26-compression chamber 27-shaft hole

30-floating piece

31-First Ring 32-Second Ring

33-recessed part 34-communicating hole

35-Cylinder 36-Abutting part

37-Seal assembly 38-Back pressure chamber

Detailed ways

In order for those skilled in the art to further understand the features and technical contents of the present utility model, please refer to the following detailed description and accompanying drawings of the present utility model. The accompanying drawings are provided for reference and illustration only, and are not intended to limit the present utility model.

FIG. 1 and FIG. 2 are a combined cross-sectional view of the first embodiment of the present invention and a partial enlarged view of part A in FIG. 1, respectively. As shown in Figure 1 and Figure 2, the utility model provides a scroll compressor axial sealing structure, including a housing 10, a scroll assembly 20 and a floating member 30, wherein:

The housing 10 includes a first housing 11 and a second housing 12, each of which has a hollow cavity, and the first housing 11 and the second housing can be connected by bolts or other fixed components or by welding. 12 phase connections. An accommodating chamber 13 is formed inside the first casing 11 , and a partition 14 is disposed inside the accommodating chamber 13 for dividing the fluid inside the casing 10 into a high-pressure area 15 and a low-pressure area 16 . The partition 14 can be a circular flat plate, and a circular opening 141 is defined in the center of the flat plate; in addition, an exhaust port 17 is connected to one end of the accommodating chamber 13 . A working fluid inlet (not shown) is provided on the periphery of the second housing 12, and components such as a plurality of compressor assemblies, transmission mechanisms and motors are installed inside it, wherein a transmission shaft 18 is arranged at the center of the motor, Since the components and mechanisms are the same as those of the known technology, they will not be repeated here.
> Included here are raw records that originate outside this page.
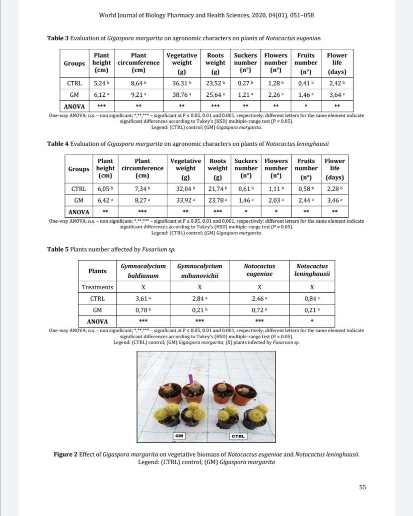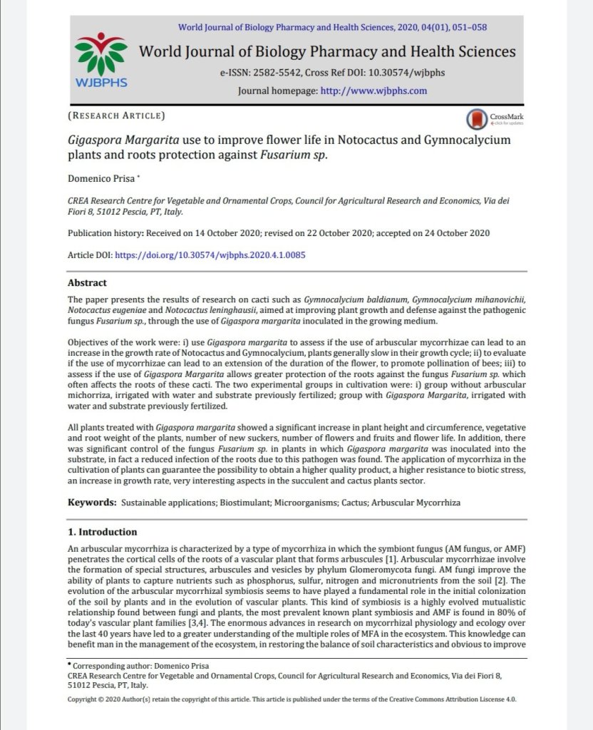 All plants treated with Gigaspora margarita showed a significant increase in plant height and circumference, vegetative and root weight of the plants, number of new suckers, number of flowers and fruits and flower life. In addition, there was significant control of the fungus Fusarium sp. in plants in which Gigaspora margarita was inoculated into the substrate, in fact a reduced infection of the roots due to this pathogen was found. The application of mycorrhiza in the cultivation of plants can guarantee the possibility to obtain a higher quality product, a higher resistance to biotic stress, an increase in growth rate, very interesting aspects in the succulent and cactus plants sector.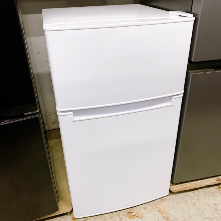 今回拝見したのは、Haier(ハイアール)製のコンパクトタイプ冷蔵庫BR-85Aです。容量は85Lで、上部に冷凍室、下部に冷蔵室を備えた省スペース型のモデルです。ワンルームや寮、事務所などでも設置しやすいサイズで、単身生活向けの家電として中古市場でも一定の需要があります。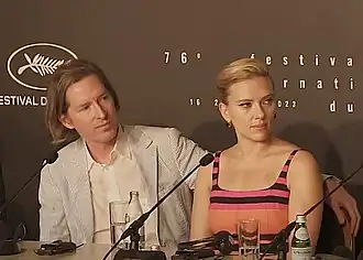 Johansson returned to the screen with Wes Anderson's comedy Asteroid City (2023), in which she led an ensemble cast. It was her second film to premiere at the Cannes Film Festival after Match Point (2005).[190][104] For her two months of work on the film, she took a substantial pay cut, earning $4,131 a week.[104] Describing her collaboration with Anderson, she said, "I like the sort of constraints of Wes' precision. I think in some ways, it's more liberating."[104] Anthony Lane of The New Yorker praised Johansson's ability to add depth to her character and for skillfully portraying both reality and imagination with wit.[191] In Kristin Scott Thomas's directorial debut My Mother's Wedding, Johansson played one of three sisters reuniting for their mother's wedding.[192] The Guardian's Benjamin Lee was displeased by the film and Johansson's "awkward British accent".[193]
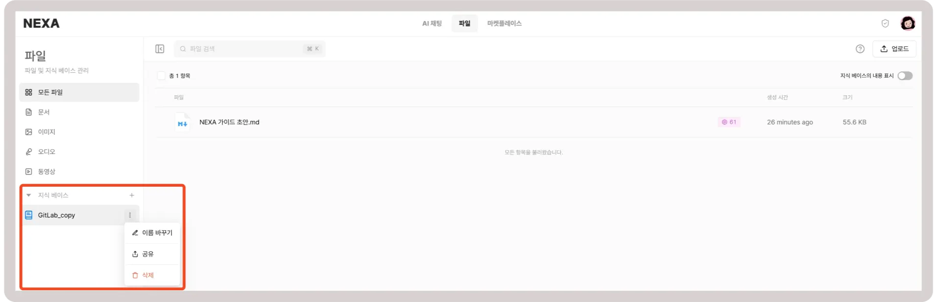 좌측 사이드바에서 특정 지식 베이스의 오른쪽에 ‘더보기(⋮)’ 아이콘을 클릭한 후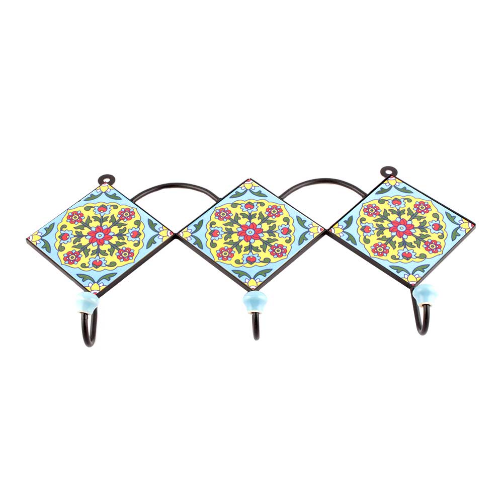 Turquoise Red Tiny Ceramic Floral Tiles Hooks. When Put on Wall or Cabinet it is an Art in itself. The Metal Part of this Hook is Black Powder Coated.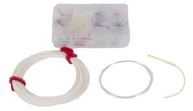 Tento set ponúka základné muškárske vybavenie. Trojdielny muškársky prút v dĺžke 2,4m, muškársky navijak, šnúru bielej farby, spojku šnúry a nadväzca, samotný nadväzec a 12 rozličných predviazaných múch v prehľadnej krabičke.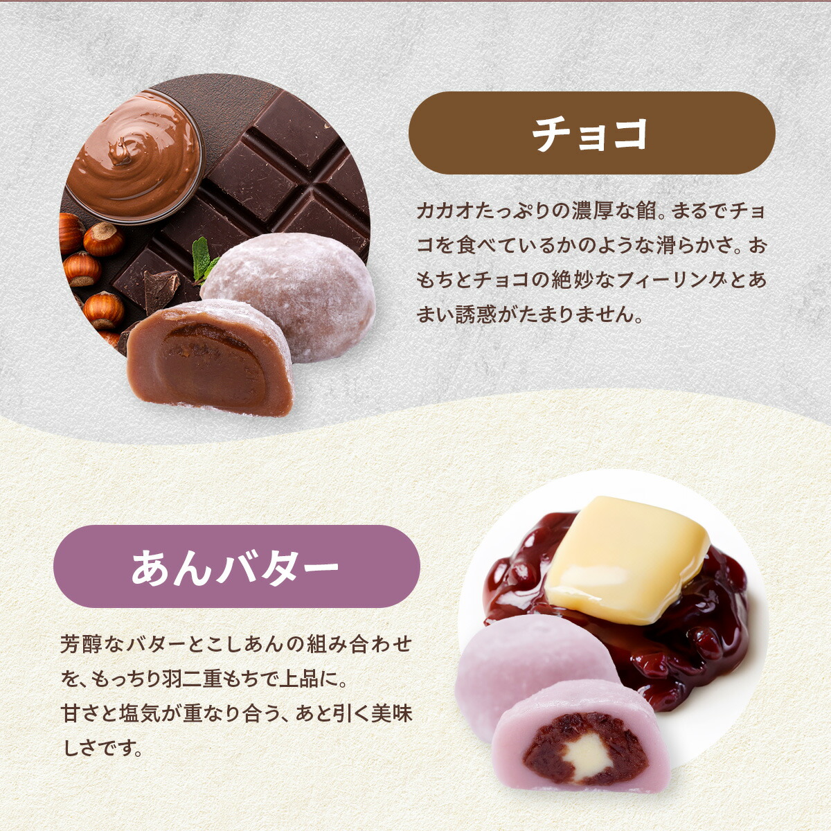 【7】チョコ大福<原材料>チョコレート餡(国内製造)、もち粉、砂糖、もち米(滋賀県産)、でん粉、ココアパウダー/トレハロース、着色料(カラメル色素、紅麹)、乳化剤、酵素、グリシン、香料、pH調整剤、保存料(ポリリジン)、(一部に乳成分・大豆を含む)
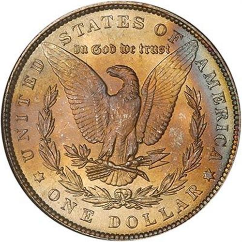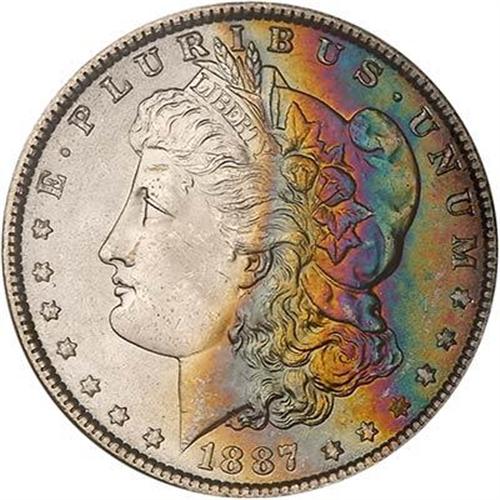 1887 Morgan Dollar. The toning is tastefully confined to the right half of the obverse in varying shades of bright colors, while the left side is mostly silvery to pale blue. (#7172)<p><i>from The Battle Creek Collection, Part III</i>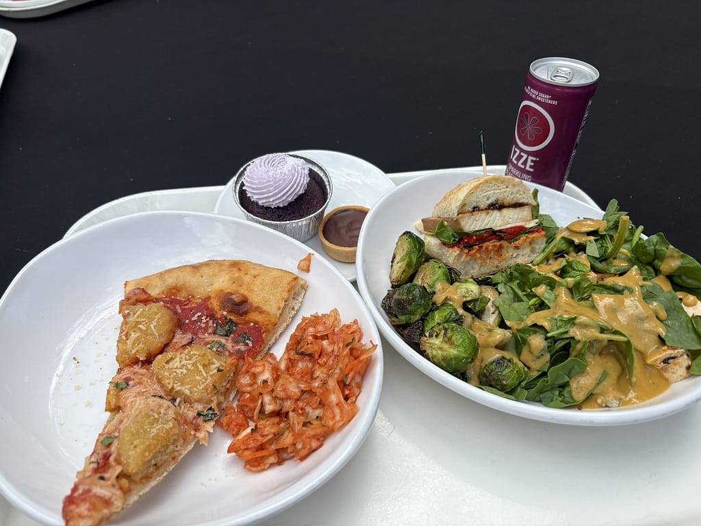 - Santa Monica Brew Works (Pizza, Salad, waffle Fries and Cucumber beer)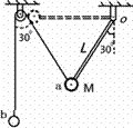如图所示,小球a被一根长为L=0.5m的可绕O轴自由转动的轻质细杆固定在其端点,同时又通过绳跨过光滑定滑轮与另一个质量为m小球b相连,整个装置平衡时杆和绳与竖直方向的夹角均为30°.若将小球a拉水平位置(杆呈水平状态)开始释放,不计摩擦,竖直绳足够长,求:![]()

The scroll assembly 20 is disposed inside the casing 10 and consists of a fixed scroll 21 and a movable scroll 22 . The bottom of the static scroll 21 is provided with a spiral blade 211 , and the top is provided with a circular protrusion 23 . One or more vent holes 24 are provided at the center of the protruding portion 23, and the vent holes 24 are stepped circular holes that are large at the top and small at the bottom. Through holes 25 are respectively opened at an appropriate distance. A scroll blade 221 is also arranged above the movable scroll 22 , and the blade 221 is matched with the blade 211 of the fixed scroll 21 , and a plurality of compression chambers 26 are formed between the two blades 211 , 221 . A shaft hole 27 is provided below the movable scroll 22, and a bearing and an eccentric bushing are arranged inside the shaft hole 27, and the bushing is used for the transmission shaft 18 of the motor to pass through and connect.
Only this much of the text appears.